Jovens judeus franceses causam incidentes no aeroporto de Valência e obrigam a intervenção policial: Israel fala em antissemitismo. Veja o vídeo

Um grupo de 47 jovens franceses, com idades entre os 10 e 15 anos, e quatro responsáveis foram retirados de um voo da Vueling no aeroporto de Manises, em Valência

Francisco Laranjeira

Um grupo de 47 jovens franceses, com idades entre os 10 e 15 anos, e quatro responsáveis foram retirados de um voo da Vueling no aeroporto de Manises, em Valência: uma das líderes do grupo, de 21 anos, foi detida pela Guardia Civil num incidente que o Governo israelita descreveu como “antissemita”, uma vez que se tratam de jovens judeus.

Segundo fontes da Guardia Civil, a intervenção deveu-se a “repetidos comportamentos inadequados” e à “manipulação de materiais de emergência” pelos menores, salientou a publicação ’20 Minutos’. A ação foi realizada após notificação da tripulação, que alertou sobre os distúrbios durante o embarque.



A versão da Guardia Civil contrasta com a oferecida por familiares e funcionários do acampamento de verão Kinneret, que organizou a viagem, que denunciaram uma reação desproporcional motivada por preconceito antissemita. O ministro israelita para a Diáspora, Amichi Chikli, descreveu o incidente como “um dos incidentes antissemitas mais graves da memória recente” e denunciou o facto de o líder do grupo ter sido “preso e espancado”. Chikli afirma que os jovens estavam a “cantar canções em hebraico” e que a tripulação respondeu afirmando que “Israel é um Estado terrorista”.

“Negamos categoricamente qualquer alegação que vincule a decisão da nossa tripulação à expressão religiosa dos passageiros envolvidos, a qual respeitamos integralmente. […] Rejeitamos categoricamente qualquer forma de discriminação, sem exceção”, indicou a Vueling, salientando que “a segurança dos nossos passageiros e das nossas operações é, e sempre será, a nossa principal prioridade”.

Segundo a companhia aérea e a Guardia Civil, os adolescentes “interromperam ativamente a demonstração de segurança obrigatória”, adulteraram equipamentos de emergência e ignoraram diversos avisos.
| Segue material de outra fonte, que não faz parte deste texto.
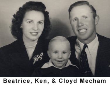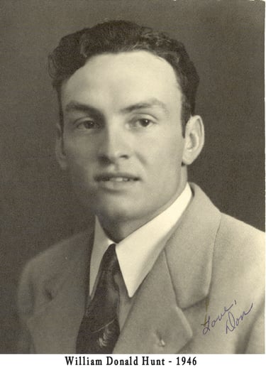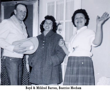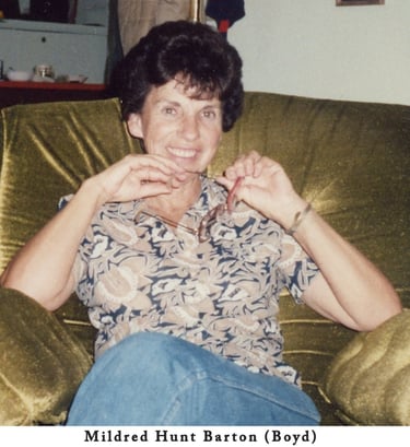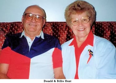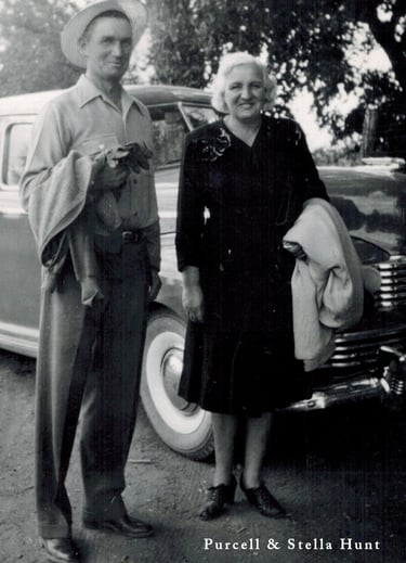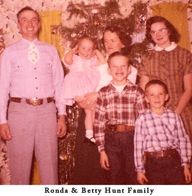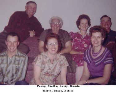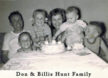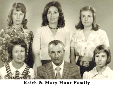 Pictured are: Purcell & Stella Hill Hunt, Beatrice Hunt & Cloyd Mecham family, Ronda & Betty Patterson Hunt family, W. Donald and Billie Gooing Hunt family, J. Keith and Mary Blackwell Hunt family, Mildred Hunt & Boyd Barton family

A situação levou à ativação do protocolo de segurança e à solicitação de intervenção da Guardia Civil pela tripulação.

Mais tarde, no terminal, a companhia aérea alegou que o comportamento disruptivo do grupo continuou, e “alguns indivíduos demonstraram uma atitude violenta em relação às autoridades, o que levou à prisão de um dos líderes do grupo”.

Os adolescentes foram transferidos em vários voos para França, e parte do grupo passou a noite num hotel perto do Aeroporto de Manises.